======== Source data ========

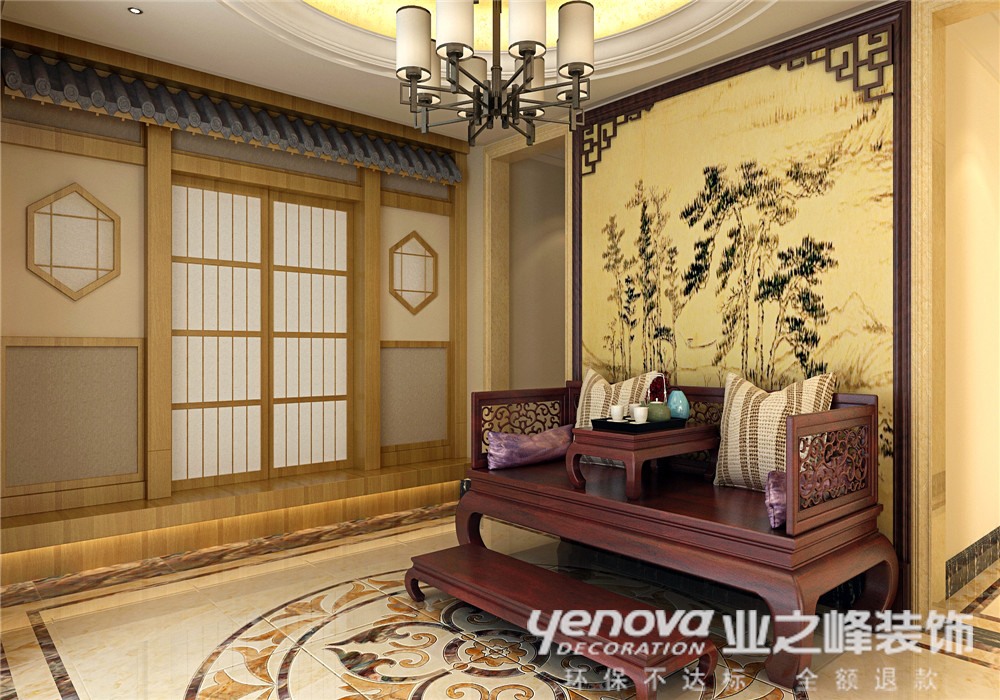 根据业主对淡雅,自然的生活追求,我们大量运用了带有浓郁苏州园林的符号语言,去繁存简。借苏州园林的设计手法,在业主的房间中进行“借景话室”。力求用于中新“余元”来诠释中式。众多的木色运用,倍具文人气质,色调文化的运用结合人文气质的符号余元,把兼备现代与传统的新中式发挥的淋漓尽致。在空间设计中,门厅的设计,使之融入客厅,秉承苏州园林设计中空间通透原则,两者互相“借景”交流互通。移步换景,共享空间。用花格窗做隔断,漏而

========
======== Source data ========

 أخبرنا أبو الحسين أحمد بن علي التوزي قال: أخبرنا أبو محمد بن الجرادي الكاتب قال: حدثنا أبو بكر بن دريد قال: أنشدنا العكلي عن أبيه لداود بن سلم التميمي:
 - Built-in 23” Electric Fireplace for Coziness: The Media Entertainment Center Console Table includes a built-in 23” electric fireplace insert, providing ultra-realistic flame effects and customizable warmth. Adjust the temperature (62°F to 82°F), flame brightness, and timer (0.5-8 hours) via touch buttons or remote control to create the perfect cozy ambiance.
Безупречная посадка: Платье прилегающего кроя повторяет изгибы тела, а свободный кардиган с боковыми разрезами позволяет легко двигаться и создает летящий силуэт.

========
======== Source data ========

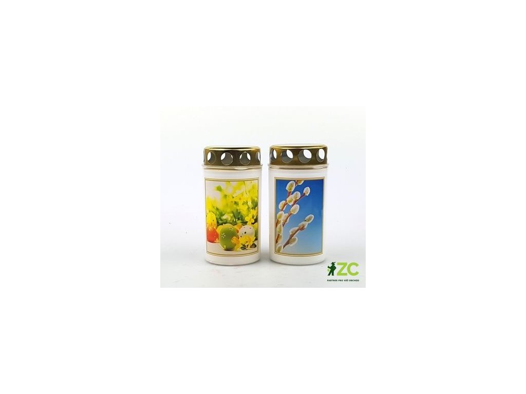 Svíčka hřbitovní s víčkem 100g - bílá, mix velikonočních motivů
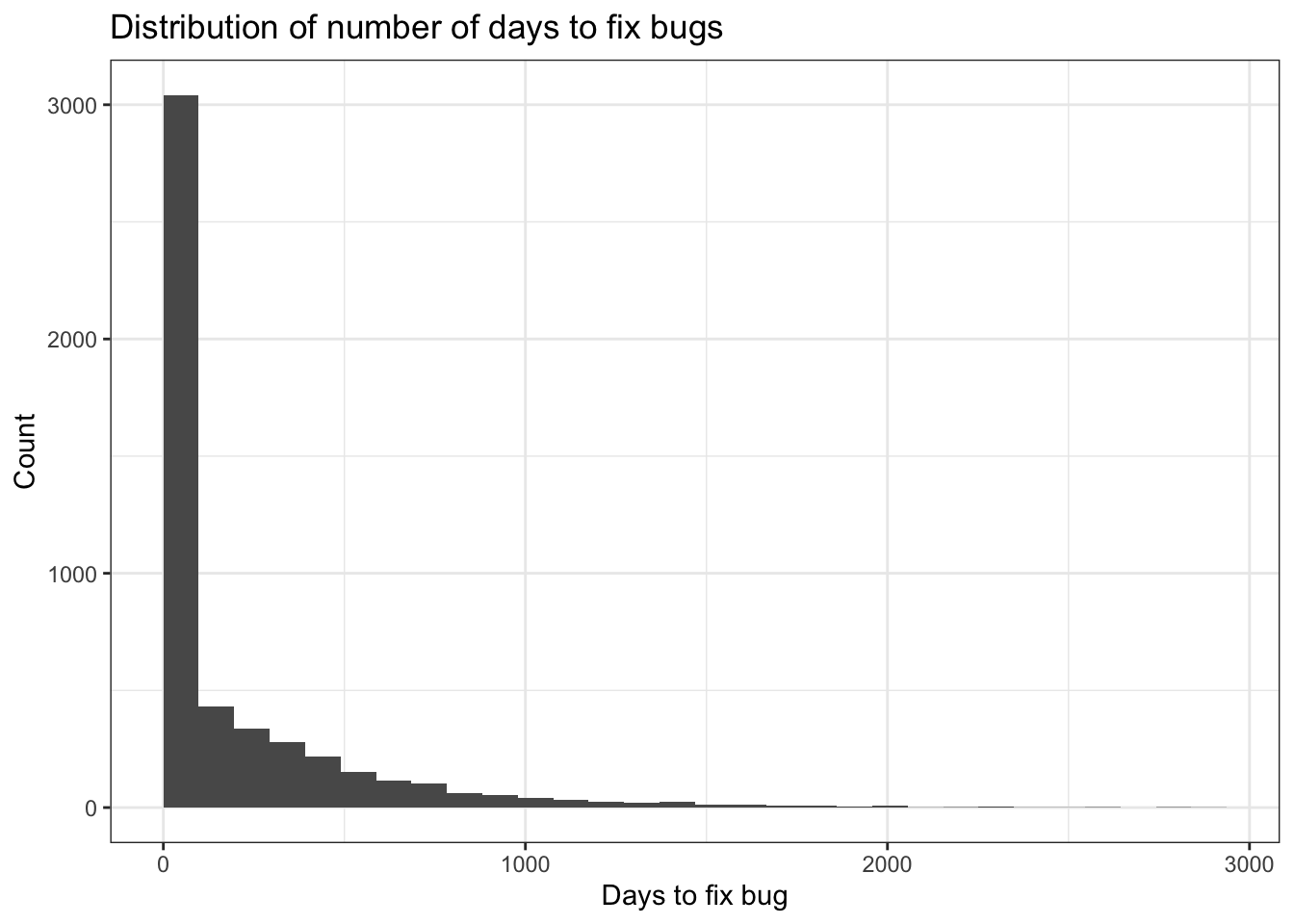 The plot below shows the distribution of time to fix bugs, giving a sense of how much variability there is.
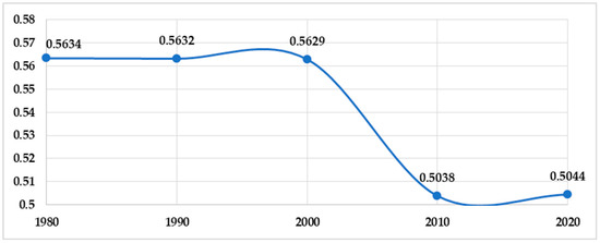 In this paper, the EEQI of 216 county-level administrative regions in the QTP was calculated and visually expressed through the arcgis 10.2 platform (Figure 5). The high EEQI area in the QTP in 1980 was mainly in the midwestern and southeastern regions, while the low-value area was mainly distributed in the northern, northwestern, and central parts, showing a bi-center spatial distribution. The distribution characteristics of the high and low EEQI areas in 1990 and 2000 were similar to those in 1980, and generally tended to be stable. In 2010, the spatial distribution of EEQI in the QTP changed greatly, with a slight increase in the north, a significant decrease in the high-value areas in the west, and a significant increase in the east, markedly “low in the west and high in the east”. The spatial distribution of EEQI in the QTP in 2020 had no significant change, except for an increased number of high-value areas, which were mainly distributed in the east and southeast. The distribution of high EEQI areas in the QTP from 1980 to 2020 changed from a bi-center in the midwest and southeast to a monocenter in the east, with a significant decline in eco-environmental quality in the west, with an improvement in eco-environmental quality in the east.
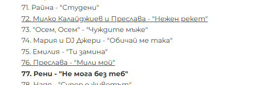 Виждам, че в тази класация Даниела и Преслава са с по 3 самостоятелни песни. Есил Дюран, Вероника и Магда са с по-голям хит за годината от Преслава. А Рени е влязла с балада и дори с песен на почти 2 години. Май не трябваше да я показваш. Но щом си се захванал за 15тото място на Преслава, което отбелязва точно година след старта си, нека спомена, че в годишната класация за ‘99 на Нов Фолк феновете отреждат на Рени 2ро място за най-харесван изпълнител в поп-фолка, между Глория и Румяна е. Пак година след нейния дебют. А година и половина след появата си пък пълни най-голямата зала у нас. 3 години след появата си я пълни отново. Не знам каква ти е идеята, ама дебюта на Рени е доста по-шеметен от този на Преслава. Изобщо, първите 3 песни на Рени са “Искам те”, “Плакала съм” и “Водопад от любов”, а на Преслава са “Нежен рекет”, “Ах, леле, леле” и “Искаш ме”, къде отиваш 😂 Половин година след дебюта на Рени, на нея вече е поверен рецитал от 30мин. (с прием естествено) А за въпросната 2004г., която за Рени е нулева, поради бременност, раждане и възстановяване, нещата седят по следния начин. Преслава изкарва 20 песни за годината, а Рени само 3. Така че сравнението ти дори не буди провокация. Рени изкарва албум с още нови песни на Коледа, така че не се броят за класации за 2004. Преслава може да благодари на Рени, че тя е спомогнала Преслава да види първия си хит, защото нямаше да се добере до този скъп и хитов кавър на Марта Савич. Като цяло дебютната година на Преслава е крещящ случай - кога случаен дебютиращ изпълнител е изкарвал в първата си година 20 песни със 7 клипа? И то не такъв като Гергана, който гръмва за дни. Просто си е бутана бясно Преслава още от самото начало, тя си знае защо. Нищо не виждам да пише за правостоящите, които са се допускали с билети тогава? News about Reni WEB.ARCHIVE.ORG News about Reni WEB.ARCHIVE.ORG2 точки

========

● **Work order**
Here the job is to set down exactly the lines of the material above that fall between the one with "perfect cozy ambiance." and the one with "Безупречная посадка: Платье", inclusive, and nothing beyond them.

● **Written reply**
 - Built-in 23” Electric Fireplace for Coziness: The Media Entertainment Center Console Table includes a built-in 23” electric fireplace insert, providing ultra-realistic flame effects and customizable warmth. Adjust the temperature (62°F to 82°F), flame brightness, and timer (0.5-8 hours) via touch buttons or remote control to create the perfect cozy ambiance.
Безупречная посадка: Платье прилегающего кроя повторяет изгибы тела, а свободный кардиган с боковыми разрезами позволяет легко двигаться и создает летящий силуэт.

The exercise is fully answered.